> [AIM OF THE TASK]: Your answer must be the exact lines below, starting with the line with "Antrasit retro tesettür" and going on through the line with "mm, izvrsna kvaliteta.", both included, with no pictures.

> [DATA FOR PROCESSING]:

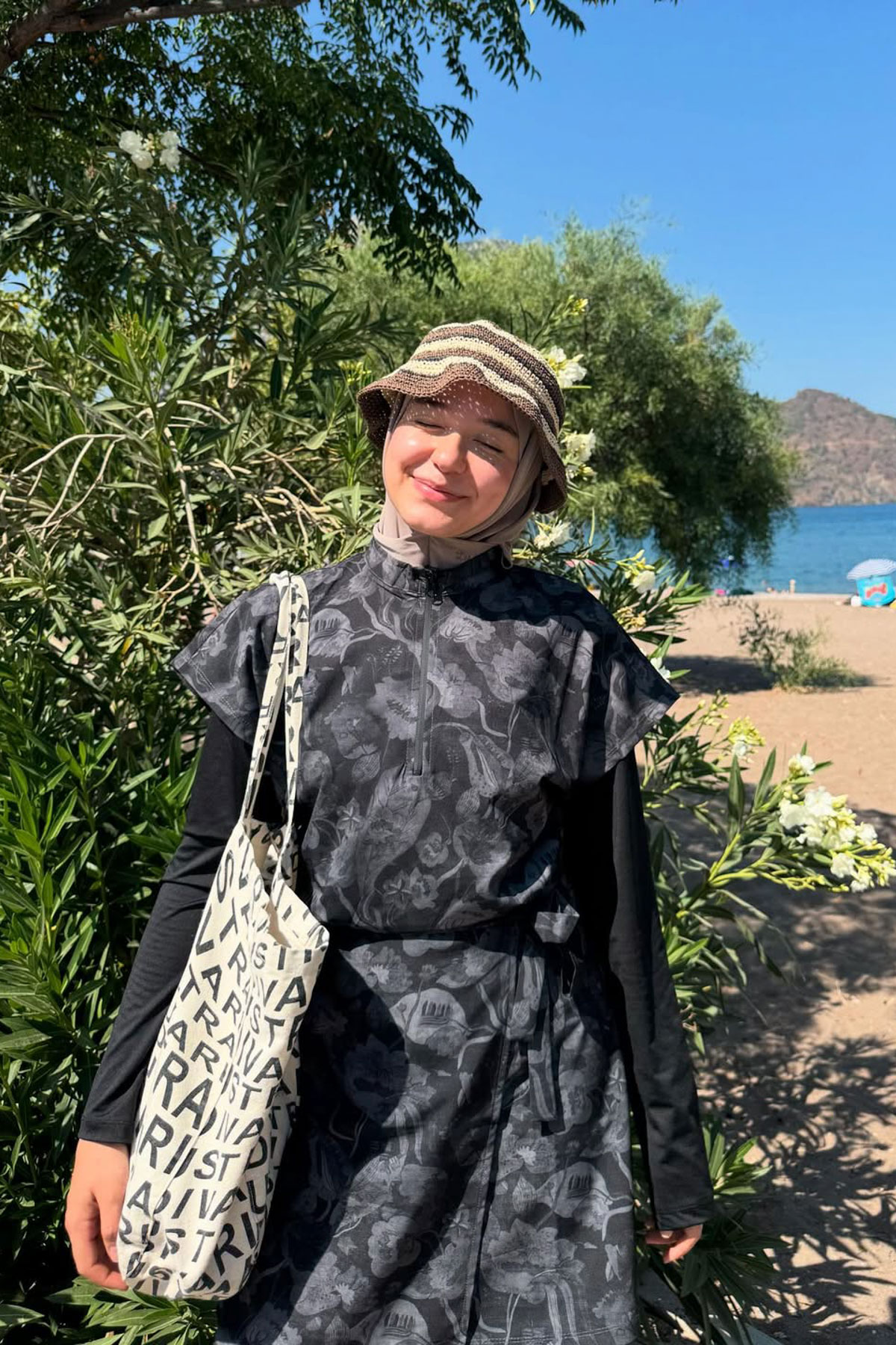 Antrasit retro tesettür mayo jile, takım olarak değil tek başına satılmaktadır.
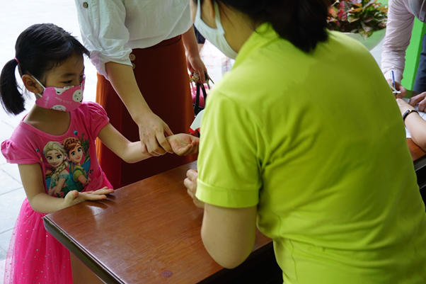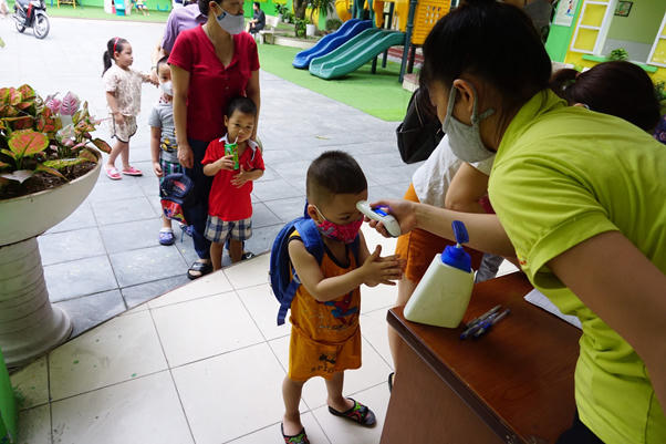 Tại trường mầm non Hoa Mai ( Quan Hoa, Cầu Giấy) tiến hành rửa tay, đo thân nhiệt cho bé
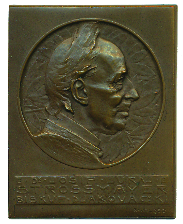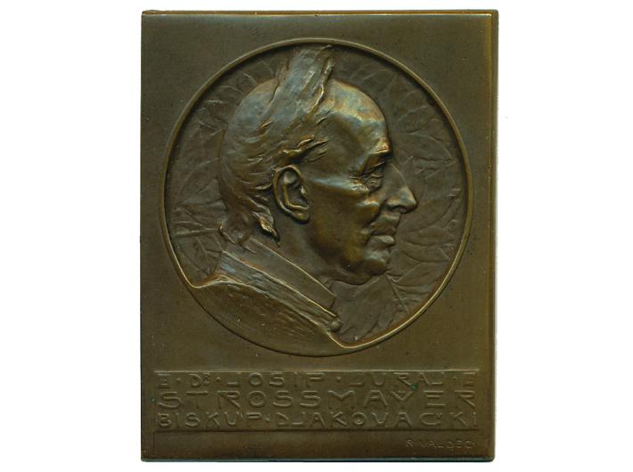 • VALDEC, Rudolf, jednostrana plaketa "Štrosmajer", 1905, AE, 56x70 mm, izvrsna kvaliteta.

...

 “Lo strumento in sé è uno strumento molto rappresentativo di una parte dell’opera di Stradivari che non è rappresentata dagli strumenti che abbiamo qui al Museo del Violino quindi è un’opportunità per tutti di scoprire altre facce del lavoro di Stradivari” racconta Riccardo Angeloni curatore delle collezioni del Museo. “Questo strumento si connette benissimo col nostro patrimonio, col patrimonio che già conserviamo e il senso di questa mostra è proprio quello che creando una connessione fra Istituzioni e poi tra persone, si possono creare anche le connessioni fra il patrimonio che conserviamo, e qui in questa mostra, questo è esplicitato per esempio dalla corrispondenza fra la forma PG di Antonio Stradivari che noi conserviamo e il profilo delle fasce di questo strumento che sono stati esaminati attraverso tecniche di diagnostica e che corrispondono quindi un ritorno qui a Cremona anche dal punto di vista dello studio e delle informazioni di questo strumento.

> [COMPLETED EXERCISE]:
 Antrasit retro tesettür mayo jile, takım olarak değil tek başına satılmaktadır.
 Tại trường mầm non Hoa Mai ( Quan Hoa, Cầu Giấy) tiến hành rửa tay, đo thân nhiệt cho bé
 • VALDEC, Rudolf, jednostrana plaketa "Štrosmajer", 1905, AE, 56x70 mm, izvrsna kvaliteta.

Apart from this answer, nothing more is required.